Amazon earnings top $2 billion for record quarter, stock gains

Amazon.com Inc. AMZN, -2.98% shares jumped about 4% Thursday afternoon after the company reported its largest quarterly profit total in history, disclosing earnings per share more than double what analysts expected. The e-commerce and cloud-computing company reported second-quarter net income of $2.5 billion, or $5.07 a share, up from earnings of 40 cents a share a year ago and the first time Amazon has reported more than $2 billion in quarterly profit. Amazon reported revenue of $52.9 billion, up from $37.96 billion a year ago but slightly lower than analyst estimates. Analysts on average were expecting earnings of $2.48 a share on sales of $53.37 billion. Amazon shares jumped more than 4% in immediate after-hours trading, following a 3% decline in the regular session to $1,808. The stock has gained 54.6% so far this year, as the S&P 500 index SPX, -0.30% has increased 6.5%.

Amazon is essentially two businesses under one roof: A massive e-commerce company with typically thin profit margins and a smaller but more profitable cloud-computing company that sells services to businesses. Amazon reported that its retail business brought in revenue of $46.78 billion, slightly lower than the average analyst estimate of $47.37 billion, but operating profit of $1.34 billion blew away expectations of $240 million.

The big outperformance in the retail business came from North America, where Amazon reported operating profit of $1.84 billion, more than four times the $436 million recorded in the same quarter a year ago and far higher than the $1.04 billion expected by analysts. Amazon reported an operating loss in the rest of the world of $494 million for its retail business, up from a loss of $724 million a year ago and also well ahead of analyst estimates of $797 million, according to FactSet.

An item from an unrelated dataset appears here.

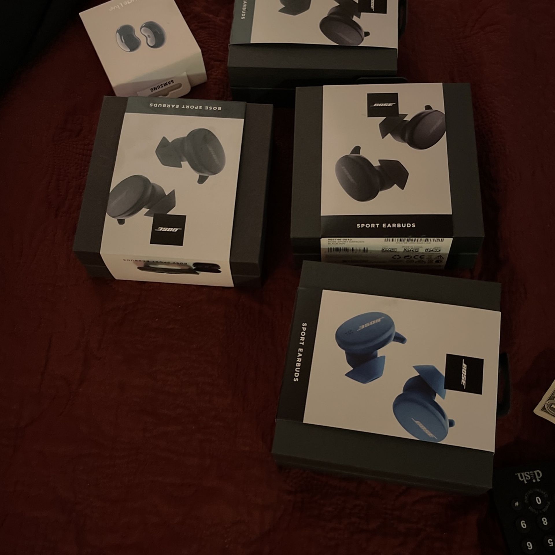 Bose Sport. 3 Black One Blue. 1 Samsung Bud Live 1 Tempo
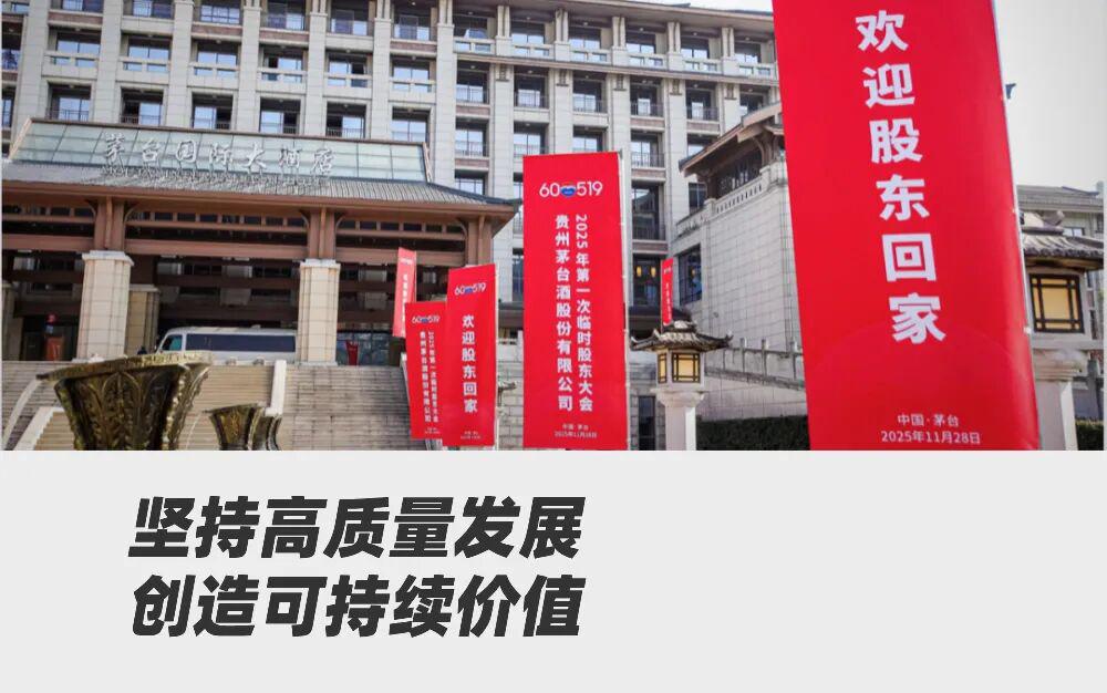 2025年11月28日,贵州茅台年度第一次临时股东大会在此举行,从酒店的巨型屏幕到院内的路灯旗帜,营造出浓厚的家园氛围。

When asked in a conference call Thursday about the higher profit totals, Chief Financial Officer Brian Olsavsky cited a number of factors, namely an increase in online-ad sales, a high-margin business and “better-than-expected efficiencies in operations infrastructure costs and generally all of our fixed costs.” Olsavsky also noted that Amazon’s pace of hiring has decelerated in comparison to last year.

“We’re seeing a lot of our growth areas being fueled by headcount that’s moving within the company. There’s a lot of movement of tech headcount. And so there was less external hiring in the first half of this year,” Olsavsky said. “We don’t think that that’s necessarily the long-term trend but it certainly created a lot of operating efficiency and that will reset and evaluate where we need to still add people.”

Amazon Web Services, Amazon’s cloud-computing business, reported revenue of $6.1 billion, up from $4.1 billion a year ago, with operating profit of $1.64 billion. Analysts on average had expected AWS operating profit of $1.47 billion and revenue of $6.1 billion.

Amazon reported total operating income of $3 billion after producing $628 million a year ago and forecasting $1.1 billion to $1.9 billion. Analysts on average were expecting $1.73 billion.

In Amazon’s previous earnings report, Olsavsky announced an increase in the subscription price for its Prime program, which offers free shipping and other perks like a video-streaming service. The company recently held its annual Prime Day sale, and said that it signed up more new Prime customers on July 16, the first day of the sale, than ever before, but that event happened after the quarter that was reported Thursday.

It will factor into the forecast for the third quarter, however. Amazon predicted third-quarter revenue of $54 billion to $57.5 billion, and operating income of $1.4 billion to $2.4 billion. Analysts on average were predicting operating income of $1.25 billion on sales of $58.07 billion, according to FactSet.